The difference is that in the subprocess approach, the IPC machinery
is all written into the spec, and build frontends like pip implement
one half while build backends implement the other half. In the Python
API approach, the spec just specifies the Python calling conventions,
and both halves of the IPC code live are implemented inside each build
backend.
Concretely, the way I imagine this would work is that pip would set up
the build environment, and then it would run
build-environment/bin/python path/to/pip-worker-script.py <args>
where pip-worker-script.py is distributed as part of pip. (In simple
cases it could simply be a file inside pip's package directory; if we
want to support execution from pip-inside-a-zip-file then we need a
bit of code to unpack it to a tempfile before executing it. Creating a
tempfile is not a huge additional burden given that by the time we
call build hooks we will have already created a whole temporary python
environment...)
In the subprocess approach, we have to write a ton of text describing
all the intricacies of IPC. We have to specify how the command line
gets split (or is it passed to the shell?), and specify a JSON-based
protocol, and what happens to stdin/stdout/stderr, and etc. etc. In
the Python API approach, we still have to do all the work of figuring
these things out, but they would live inside pip's code, instead of in
a PEP. The actual PEP text would be much smaller.

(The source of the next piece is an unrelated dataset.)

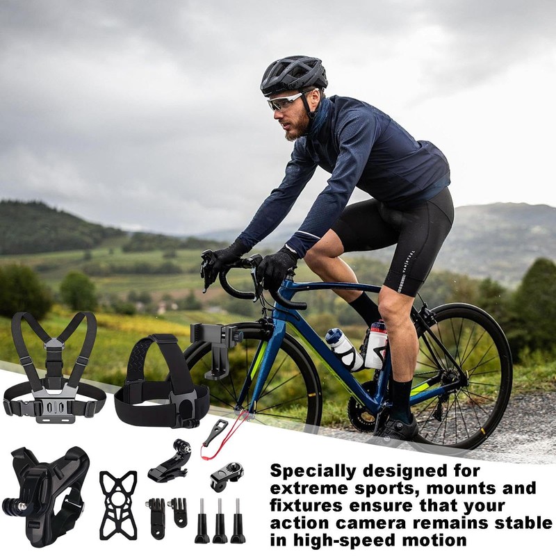 - All-Around Solution: Including cycling chinstrap, chest strap, headband, and even cell phone clip, this sports camera accessory kit features 13 cleverly-designed add-ons to cater to your needs while riding, hiking, or jotting notes

It's not clear which approach leads to smaller code overall. If there
are F frontends and B backends, then in the subprocess approach we
collectively have to write F+B pieces of IPC code, and in the Python
API approach we collectively have to write 2*F pieces of IPC code. So
on this metric the Python API is a win if F < B, which would happen if
e.g. everyone ends up using pip for their frontend but with lots of
different backends, which seems plausible? But who knows.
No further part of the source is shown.